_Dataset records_
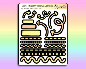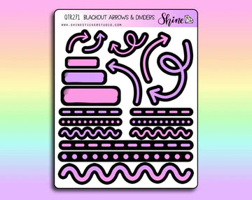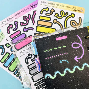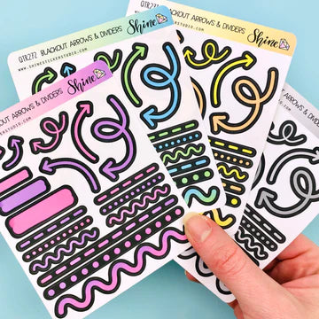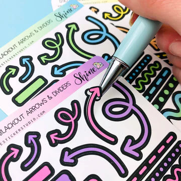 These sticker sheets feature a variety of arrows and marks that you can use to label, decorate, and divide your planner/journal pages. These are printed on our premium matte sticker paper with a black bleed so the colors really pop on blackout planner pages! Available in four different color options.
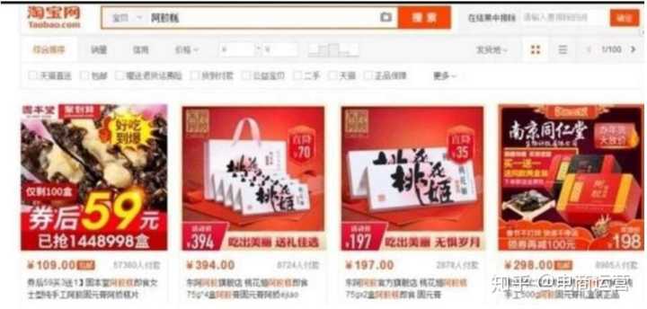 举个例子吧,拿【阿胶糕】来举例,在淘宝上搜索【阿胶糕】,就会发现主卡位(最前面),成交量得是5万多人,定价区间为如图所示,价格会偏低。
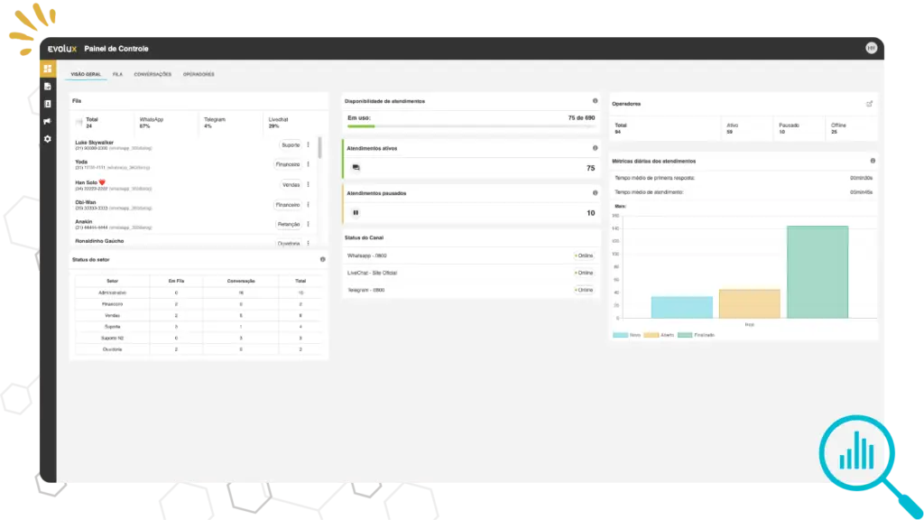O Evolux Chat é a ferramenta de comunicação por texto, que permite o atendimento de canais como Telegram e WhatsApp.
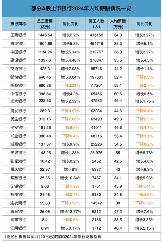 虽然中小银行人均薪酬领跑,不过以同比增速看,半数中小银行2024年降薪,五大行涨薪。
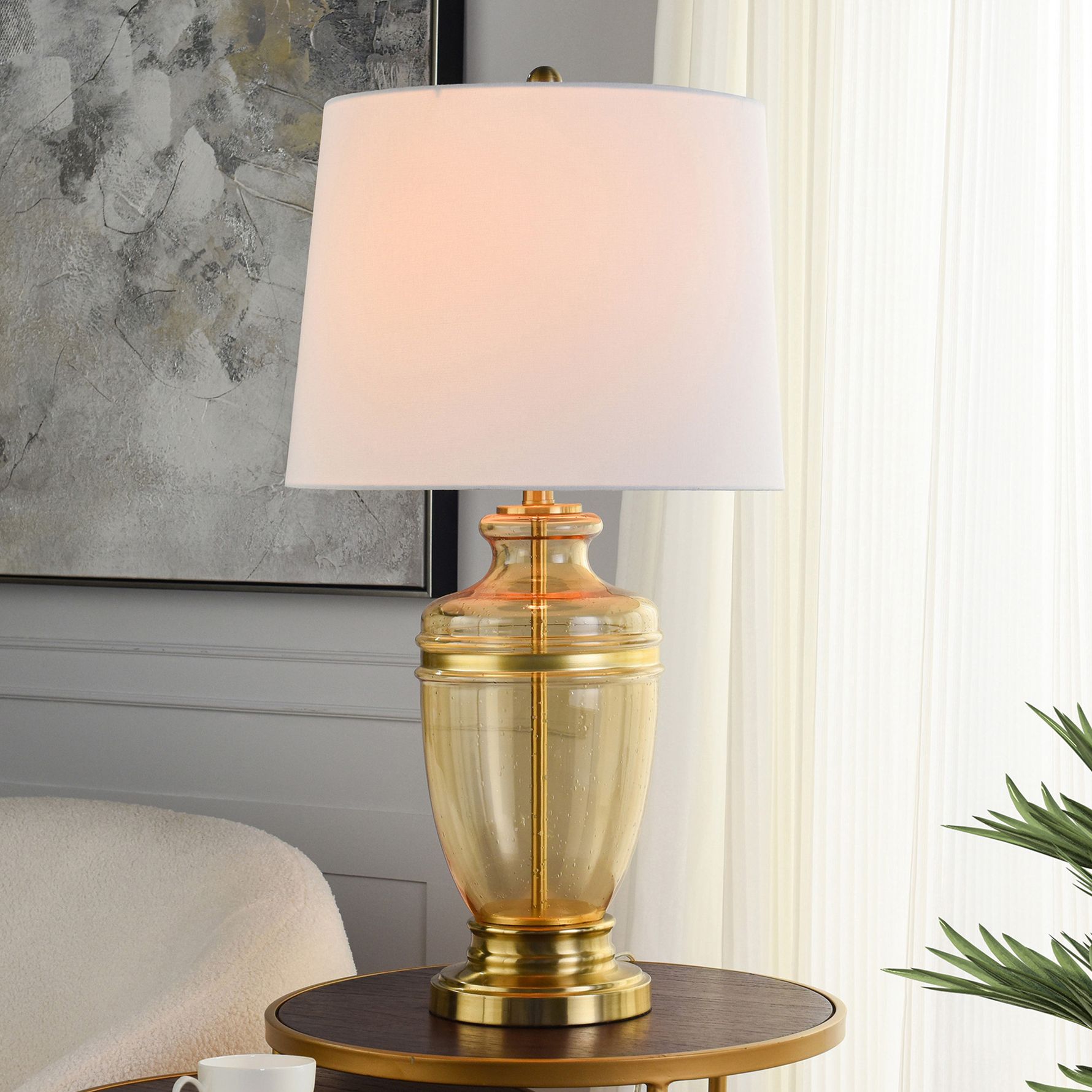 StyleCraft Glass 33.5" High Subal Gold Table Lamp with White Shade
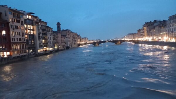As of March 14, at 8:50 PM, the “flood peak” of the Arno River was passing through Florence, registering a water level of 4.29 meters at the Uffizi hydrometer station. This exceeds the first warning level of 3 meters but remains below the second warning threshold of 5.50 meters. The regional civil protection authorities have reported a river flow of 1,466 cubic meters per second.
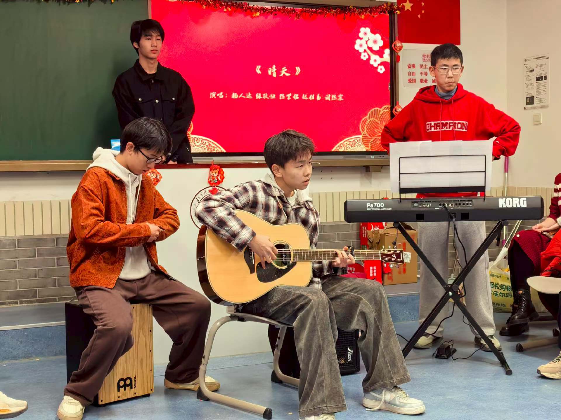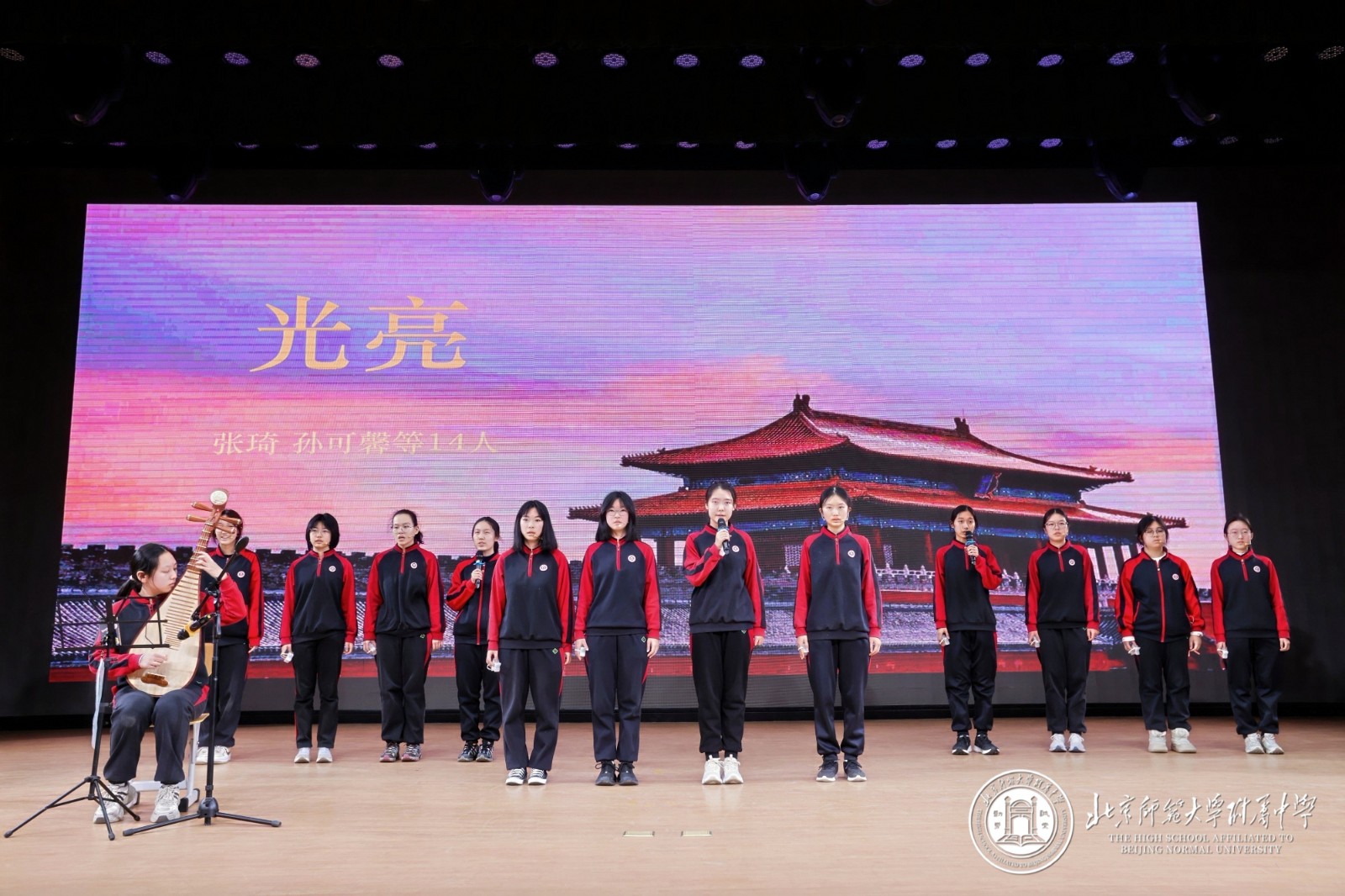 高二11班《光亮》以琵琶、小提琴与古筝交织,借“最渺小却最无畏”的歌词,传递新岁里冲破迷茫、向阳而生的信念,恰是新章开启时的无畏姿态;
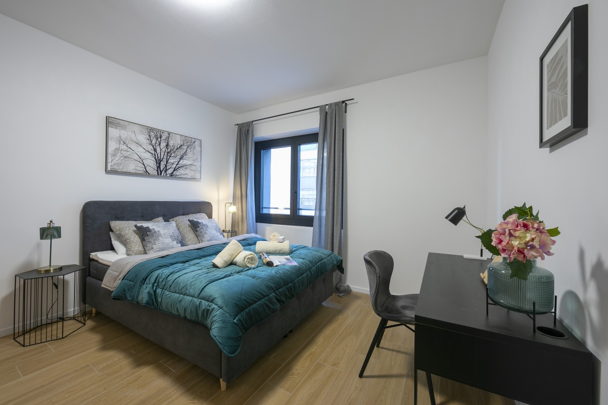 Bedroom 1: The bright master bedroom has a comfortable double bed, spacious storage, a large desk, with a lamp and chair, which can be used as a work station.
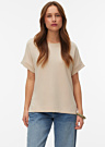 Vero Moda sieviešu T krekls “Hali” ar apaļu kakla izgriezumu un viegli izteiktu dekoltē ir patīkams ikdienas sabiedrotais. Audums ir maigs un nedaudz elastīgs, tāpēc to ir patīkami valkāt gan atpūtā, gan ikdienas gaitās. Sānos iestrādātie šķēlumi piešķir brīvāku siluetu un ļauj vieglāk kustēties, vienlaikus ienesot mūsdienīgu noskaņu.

---

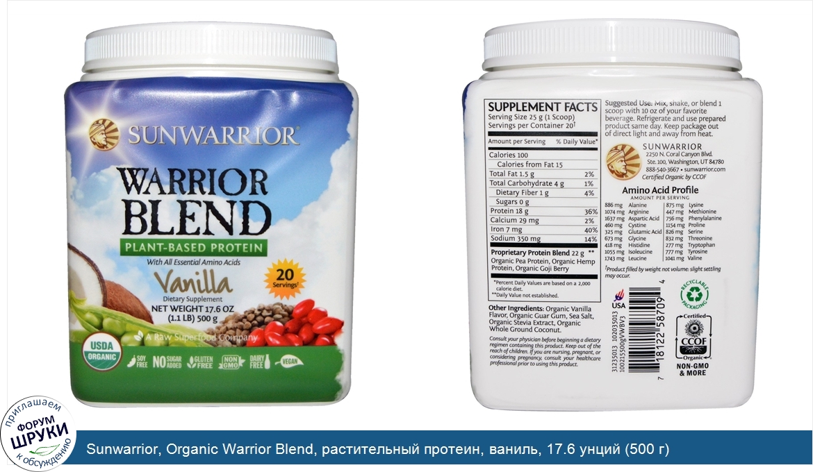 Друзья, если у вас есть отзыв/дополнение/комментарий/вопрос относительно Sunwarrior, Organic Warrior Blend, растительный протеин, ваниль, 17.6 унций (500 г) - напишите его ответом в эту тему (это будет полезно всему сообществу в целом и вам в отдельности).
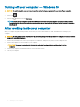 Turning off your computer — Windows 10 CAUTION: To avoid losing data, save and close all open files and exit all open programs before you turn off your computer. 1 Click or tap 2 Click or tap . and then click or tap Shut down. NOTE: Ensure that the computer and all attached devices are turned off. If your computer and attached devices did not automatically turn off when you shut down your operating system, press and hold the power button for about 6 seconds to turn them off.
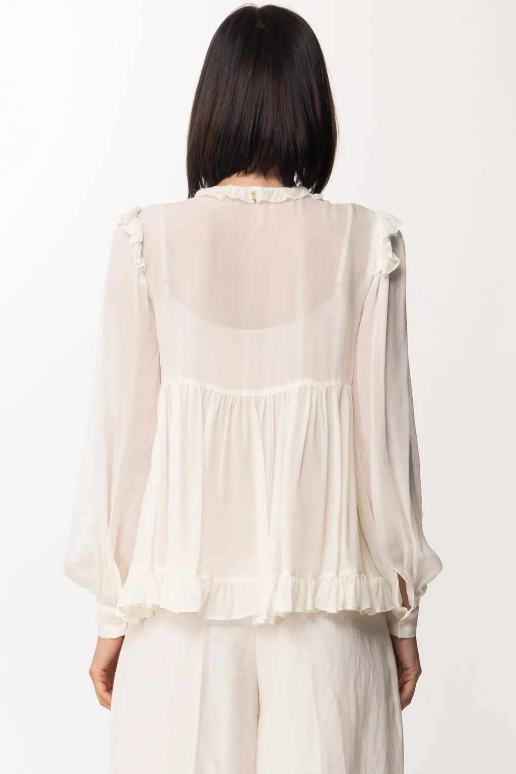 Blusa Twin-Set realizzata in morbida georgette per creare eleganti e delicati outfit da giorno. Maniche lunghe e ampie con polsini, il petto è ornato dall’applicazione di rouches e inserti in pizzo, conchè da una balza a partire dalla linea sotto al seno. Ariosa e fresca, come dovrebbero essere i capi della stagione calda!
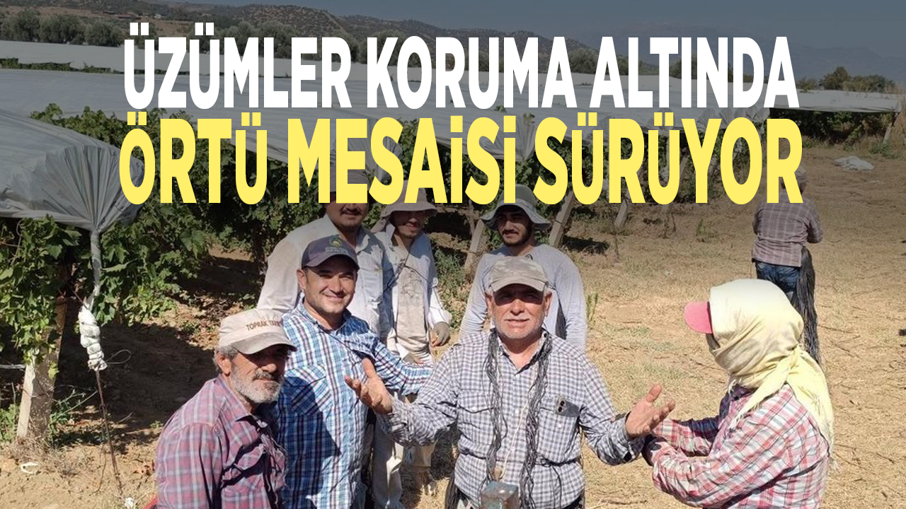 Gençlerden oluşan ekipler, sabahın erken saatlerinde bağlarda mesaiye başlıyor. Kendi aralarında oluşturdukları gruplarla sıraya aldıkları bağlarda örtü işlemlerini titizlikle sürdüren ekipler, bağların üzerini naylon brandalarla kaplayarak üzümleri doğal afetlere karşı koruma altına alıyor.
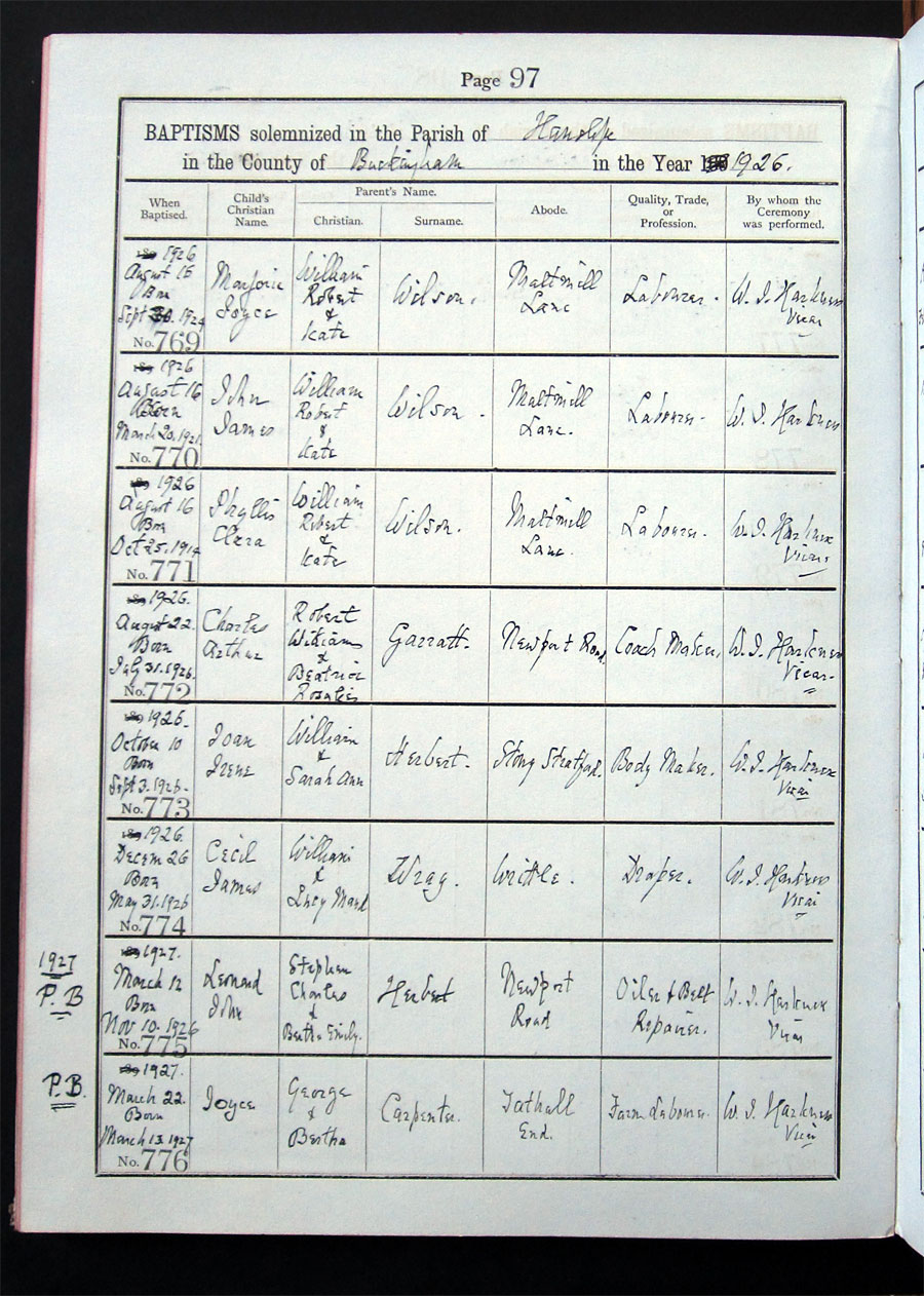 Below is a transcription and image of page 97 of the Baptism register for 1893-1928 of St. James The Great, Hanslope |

==

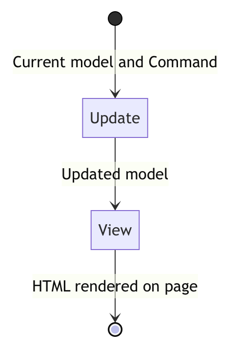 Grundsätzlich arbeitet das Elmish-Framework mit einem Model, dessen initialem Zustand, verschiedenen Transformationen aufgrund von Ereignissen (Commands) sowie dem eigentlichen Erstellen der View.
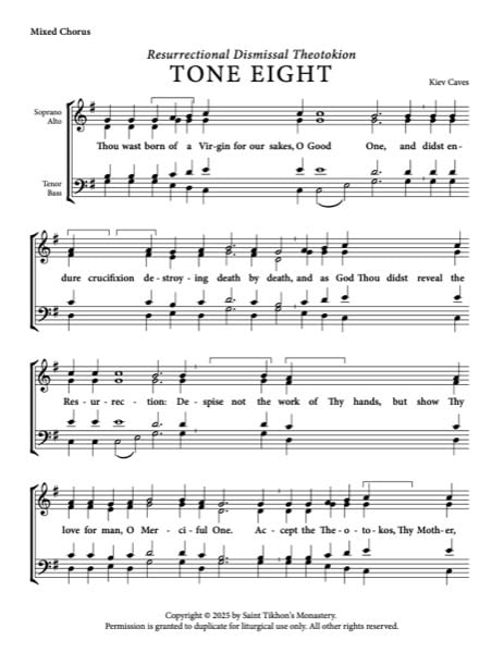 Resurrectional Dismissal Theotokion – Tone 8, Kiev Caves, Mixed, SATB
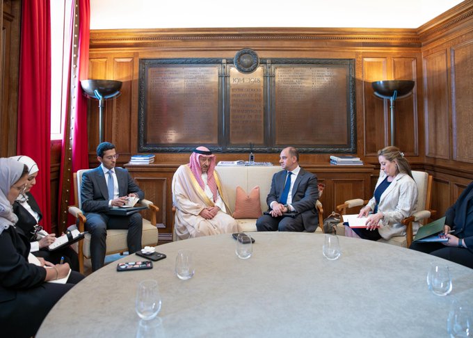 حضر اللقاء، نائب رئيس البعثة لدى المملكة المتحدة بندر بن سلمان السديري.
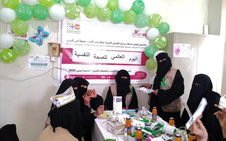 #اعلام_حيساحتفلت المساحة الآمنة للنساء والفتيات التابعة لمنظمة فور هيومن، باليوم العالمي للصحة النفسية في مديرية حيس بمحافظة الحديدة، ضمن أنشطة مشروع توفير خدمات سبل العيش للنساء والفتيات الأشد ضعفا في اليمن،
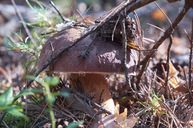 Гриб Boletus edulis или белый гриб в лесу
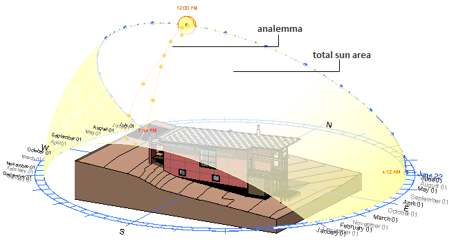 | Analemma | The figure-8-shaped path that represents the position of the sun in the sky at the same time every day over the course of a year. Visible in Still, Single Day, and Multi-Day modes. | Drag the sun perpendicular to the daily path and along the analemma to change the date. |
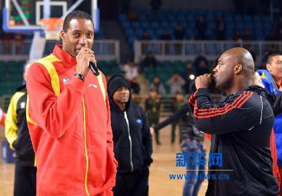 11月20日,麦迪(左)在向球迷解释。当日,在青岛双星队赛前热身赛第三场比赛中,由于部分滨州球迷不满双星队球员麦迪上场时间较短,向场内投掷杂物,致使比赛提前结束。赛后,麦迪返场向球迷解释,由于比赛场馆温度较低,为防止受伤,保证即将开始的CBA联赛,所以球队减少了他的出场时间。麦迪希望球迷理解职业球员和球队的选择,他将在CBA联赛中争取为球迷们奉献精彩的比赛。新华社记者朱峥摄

_WHAT IS REQUIRED_
In the records above, find the line containing "These sticker sheets" and the line containing "with White Shade", then give both of them again word for word along with every line between. Omit any pictures.

_SOLUTION TO THIS TASK_
 These sticker sheets feature a variety of arrows and marks that you can use to label, decorate, and divide your planner/journal pages. These are printed on our premium matte sticker paper with a black bleed so the colors really pop on blackout planner pages! Available in four different color options.
 举个例子吧,拿【阿胶糕】来举例,在淘宝上搜索【阿胶糕】,就会发现主卡位(最前面),成交量得是5万多人,定价区间为如图所示,价格会偏低。
O Evolux Chat é a ferramenta de comunicação por texto, que permite o atendimento de canais como Telegram e WhatsApp.
 虽然中小银行人均薪酬领跑,不过以同比增速看,半数中小银行2024年降薪,五大行涨薪。
 StyleCraft Glass 33.5" High Subal Gold Table Lamp with White Shade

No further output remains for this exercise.